Fatal Error on my Node / Timeout after 1 min

daki82 · April 2, 2023, 3:48pm

i noticed something in the “trash” file of the node
(because it was terrible slow (not to access but to gather the file size of the contents.))

there are 6 folders in wich are 1024 folders with 2digit name. 3 of the six folders take real long when i wanted to know how big they are.
got suspension on 3 satelites today and the “timeout” error.
can this cause the drive to take long when trash -not garbage- is deleted?
this was hidden from the long downtime a week ago.

my guess here:
1 the satelites start trash deletion/move totrash en mass.
2.the node tries to move pice to trash and/delete from trash (simultaneous?) thousands of pieces. needs more than one min-and times out. since 1.75.2
3. other trash options are canceled, causing “can not move to trash” etc. visible in log. at same time.

before 1.75.2 normal r/w fills cache and ram, gets done maybe some min. later incl. audit.
everybody knows windows is bad at deleting moving lots of small files on cmr disks.

@Alexey and @Knowledge explains everything like “your disk has problem” “and only windows” “no audit problem” or more questions?

could it take to long to calculate the used space of trash ?

Knowledge · April 2, 2023, 11:03pm

After 141 responses from different people with different issues, I’m not sure what the issue we are focusing on is.

Does deleting things out of trash or counting used space cause audit failures? I would think the problem would be more widespread if that was the case. I mean, if you have five nodes sharing one drive in five different VM’s and they start doing heavy drive work, it would seem logical that the drive can’t keep up with all of the virtual machines. And so one of them is low man on the chain and gets the most wait states and times out. The larger the data grows, the longer these processes take, the more your nodes will suffer performance issues.

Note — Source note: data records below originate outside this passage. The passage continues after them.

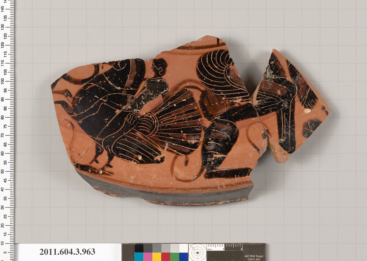 At the top, tip of one ray; below, a line of black glaze and a thin line of red glaze; draped youth to left, riding a hippalectryon ("cock horse"); part of a sphinx to right, looking to left; part of the wing of a siren to right; below the wing, a rosette; the overhang of the lid is black glazed; the resting surface is unglazed; the underside is glazed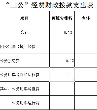 该表反映本单位因公出国(境)经费、公务接待费及公务用车购置和运行费预算安排数。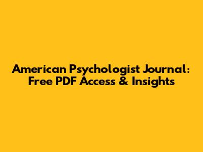 American Psychologist Journal: Free PDF Access & Insights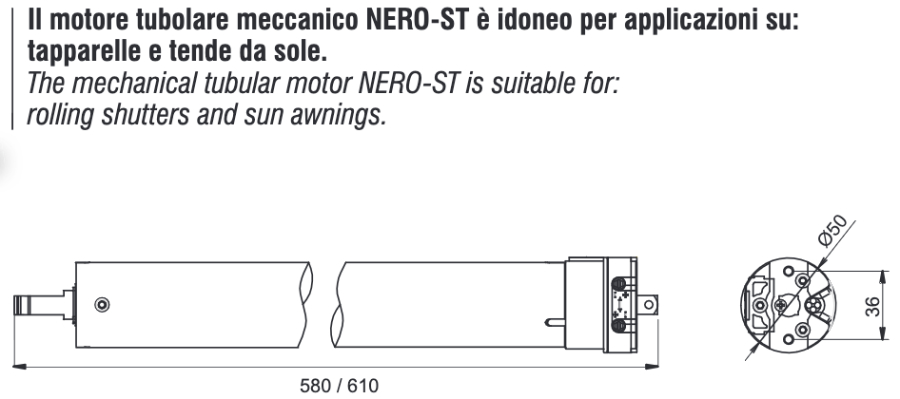 The Ø50 NERO-ST mechanical tubular motor is suitable for use on rolling shutters and awnings.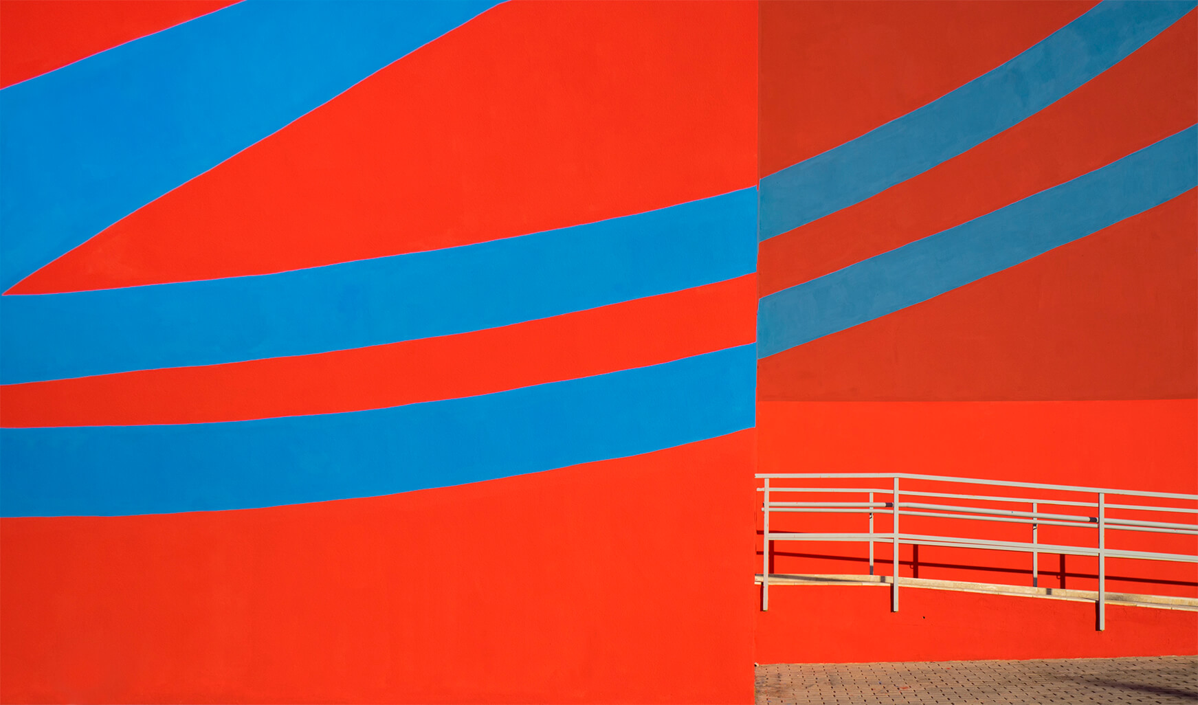 “Besides the floating effect of the blue figure and grey square, this piece seeks to highlight the architectural lines through the transformation of the white surface to red.

Now sure, you might have a high speed array that can handle fifty connections, I dunno. But generally speaking it’s not a good idea to segment a single drive into multiple nodes. File walker, deletes, or heavy traffic will cause it to take a beating.

jammerdan · April 2, 2023, 11:15pm

But it won’t get better.
I mean this is an interesting phase with lots of ingress and nodes growing.
We are seeing SNOs purchasing 20TB disks to be able to offer more space.
Also we should expect more customers and additional satellite operators.
This will lead to heavier garbage collections, file walkers and I don’t know what else.
So maybe additional optimizations for heavier usage scenarios might become necessary.

Knowledge · April 2, 2023, 11:49pm

If end users upload 1k files in the millions, it is difficult for any file system to manage the ops on so many files. Perhaps they could store smaller data inside a table instead of the file system. That may be more optimal for indexing but would still require drive ops. Although one could overwrite expired records rather than delete them which would eliminate a significant portion of overhead.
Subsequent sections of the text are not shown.